I DO think that, given the RIGHT support - a mother and baby unit perhaps - that the mother in this show could have been given more of a chance to improve her parenting skills once she had split up with the father. But by that point, no-one in Social Services was prepared to listen to her.
Why was a placement in a supervised unit not suggested to the mother? And why did Social Services WAIT until the mother was admitted into hospital to start care proceedings. And it WASN'T voluntary. They played on the father's distress at the mother being absent, and his obvious learning difficulties, to 'suggest' that he put the child in 'voluntary' FC. When he got to the SS offices, he changed his mind. And was then told that they would be taking him to court straight away. That is NOT voluntary. And why, if they were so worried about the boy being left in the sole care of his father, did they not place BOTH of them with a Foster Carer (There ARE FC's that do this for both teenagers AND parents with SN in an emergency). Why did they not treat this more sensitively, like setting out both verbally AND in writing, what the father would have to undertake that night to prevent the child being taken into FC?

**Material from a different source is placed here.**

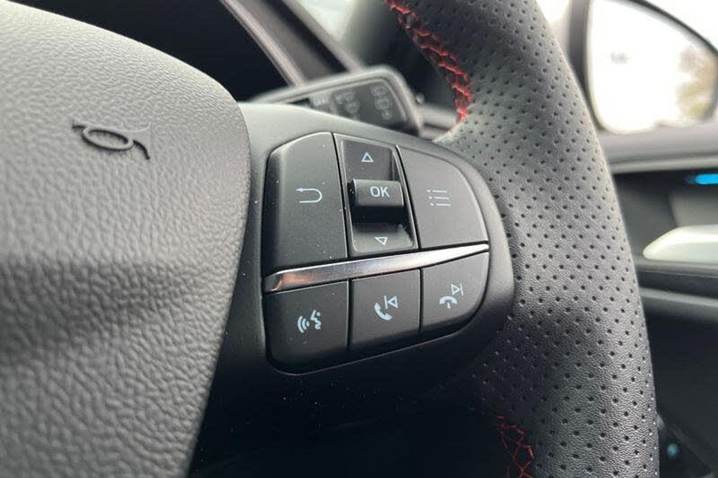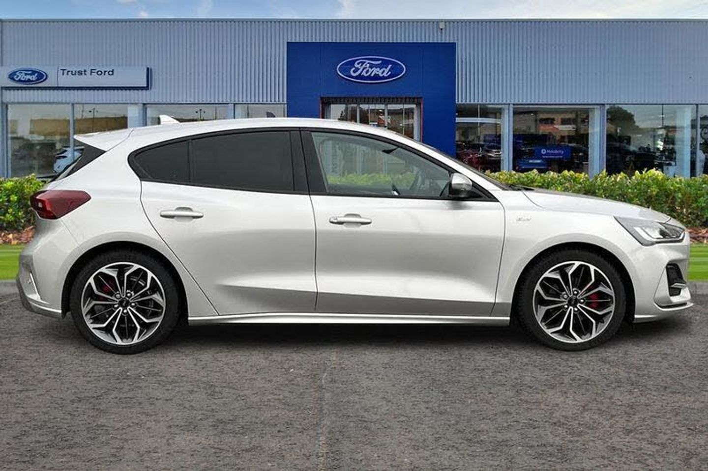 12.3 Digital instrument cluster, Bluetooth system, Digital clock, Easy fuel capless refuelling system, Eco mode, Ford SYNC4 Nav with 13.2'' touchscreen, DAB, Emergency Assistance, Apple Carplay & Android Auto, B&O Premium Audio with 10 speakers, FordPass Connect, Lane keeping system - lane keeping alert and lane keeping aid, PAS, Rev counter, Selectable drive mode, Service interval indicator, Trip computer, Wireless charging pad, Auto headlamps (on/off), Body coloured door handles, Electrically operated front and rear windows with one touch opening and closing, Electrically operated heated power fold door mirrors with puddle lamp with side indicators, Front variable intermittent wipers with electric wash, Heated rear window, LED daytime running lamp, LED rear lamps, LED third brake light, Polished twin tailpipe, Privacy glass, Quickclear heated windscreen, Rain sensor, Rear side wing doors, Tailgate wash/wipe, Unique ST-Line grille, full bodystyling kit, and large body coloured rear roof spoiler, 3 rear headrests, 3 seat bench in 2nd row, Dual zone electronic air temperature control, Full sensico premium upholstery, Height adjustable front headrests, Isofix child seat preparation, Load through ski hatch, Manual 2-way passenger seat adjust, Power 4-way driver seat adjust, with power lumbar adjust, Reach + rake adjustable steering column, Single front passenger seat, 3x3 point rear seatbelts, ABS+Electronic Brake force Distribution, Auto hold function, Driver airbag, EDL traction control, Electronic parking brake, Electronic stability control, Front and rear seatbelt reminder, Front inertia reel height adjustable seatbelts with pre-tensioners, Front passenger airbag, Front side airbags, Passenger airbag deactivate switch, Post collision braking, Pre collision assist with autonomous emergency braking and pedestrian/cyclist detection, Remote/power child rear door locks, Side curtain airbags, Three rear inertia reel lap/diagonal seatbelts, Tyre pressure monitoring system

These are just the basic questions that sprang instantly to my mind as I watched this. Because if ONE SW comes onto this thread and says 'It would cost too much money', I will SCREAM. Money should be NO object, and if someone could be a good (or good enough) parent with the RIGHT, TAILORED support, then money should be no object, and that support should be put in place. I'm sure that the RIGHT TAILORED SUPPORT would cost SS no extra than it would cost to pay for an emergency FC. I mean, why the FUCK didn't the SW HELP the parents to take the plastic off the bed and get and put bedding on it, and then tell them how often it needs changing? FFS, guidance and PRACTICAL help was what these parents needed, not censure and being treated like vermin!